The  "effect mixer keys" controller is an odd drumpad replacement that is used approximately like a 4 button computer mouse; when pushed forward it plays one sample, when pushed back it plays another. Depending on which of its buttons are held down during this, it plays 32 preset effect samples, those are typical tekkno and hiphop stuff.

The scratch disc has only coarse resolution, responds too slow and ignores slow turns, but at least it is an attempt to simulate the speed and pitch behaviour of record scratching. Other toy keyboards (e.g. Casio Rapman RAP-1) with such dials only play 2 preset scratch samples of fixed pitch. The disc can either control the background pettern loop or play 20 selectable preset scratch samples from typical tekkno environment. Unfortunately these quite short samples don't repeat when you continue turning the dial after the sample has played, which can be confusing at the beginning because you have to stop turning before you can play the sample again.

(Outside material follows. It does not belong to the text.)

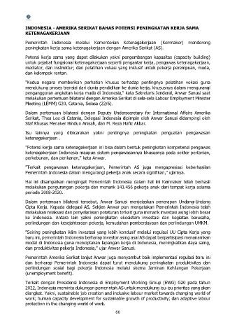 peningkatan kerja sama ketenagakerjaan dengan Amerika Serikat (AS).

The voice changer of my specimen was extremely broken (also the badly mounted microphone cable was torn), thus I don't know how it was intended to sound like. After repair, the "Low Tone" and "High Tone" mode make quite standard lo-fi pitch shift effects. The "Robot" voice replaces the human voice with a monotonously metallic bubbeling high tone of fixed pitch; due to the original voice is not mixed into the output, speech is not understandable in this mode. But especially the robot voice sounds way more interesting when the clock frequency of the voice changer CPU is turned down, thus I am not sure if the PCB manufacturer of the instrument made a severe design flaw and misunderstood the IC specifications or the like. When turned down by modifications, it also follows the input voice pitch and produces the typical digital granular buzzing alien/ robot voice effect (resembling garbled speech by poor reception in DVB-T (digital TV) and somewhat reminding to an electric shaver) that is known from many recent SF movies and tekkno musics. Also its other timbres change with clock turned down; even the "normal" mode turns into a wierd granular digital delay effect this way. Beside speech also a lot of other sounds can be modified using the voice effect processor, although it has no connection to the AUX/CD input and thus can be only fed into the microphone jack (with level limiter to prevent damage). By holding the microphone at its own speaker, you can modify the built-in sounds into a lot of bizarre feedback noises.
 

circuit bending details

The hardware of this instrument is fairly complex for a modern sound toy, since it contains an analogue mixer section with quite many discrete components. Although the main CPU with its DC controllable clock oscillator looks like a My Music Center CPU variant, it contains no bitstream DAC.
 
The scratch disc has a rotary encoder switch underneath, that looks like a potentiometer. Initially the dial didn't turn very smooth; to fix this, remove its screw (accessible only from inside the opened case) and add a drop of thick silicone oil (sold as latex care product in sexshops) into the groove below the dial.

keyboard matrix

The keyboard matrix contains many redundant functions but no eastereggs. The input lines are active- low and thus react on GND. Unusual is that all 13 keyboard key inputs share the same output line, and they are only sensed as keyboard notes  when not sent through a diode; otherwise they trigger control panel button functions despite these also exist on a different output line (even 3 reduntant output lines). The scratch disc is polled through 2 separate (not multiplexed) input lines by a small rotary encoder switch.
These 2 rubber contacts are pressed by shifting the "effect mixer keys" controller.

AC-adapter jack

The CPU gets +4.5V from an intermediate tap at the 3rd battery in the battery compartment, thus for adding an AC-adapter jack (with voltage regulator) I added a chain of 7 silicon diodes from there to the +9V output (with 2 schottky diodes for joining the voltages). Because in standby mode the diode chain pulled the voltage up to >+6V, for safety I limited it by a 5V zener diode against GND to preven long-term damage of the CPU.

pitch controls & shitshot

The CPU clock frequency can be modified the same way like with My Music Center variants for pitch control and shitshot. I added here a complex assembly with 3 potentiometers, an alternating button switch and touch sensor contacts. As usual, the red marked diodes are necessary to prevent CPU destruction by static electricity. Because the "power on" also resets the CPU when crashed, there is no need to add a separate reset button.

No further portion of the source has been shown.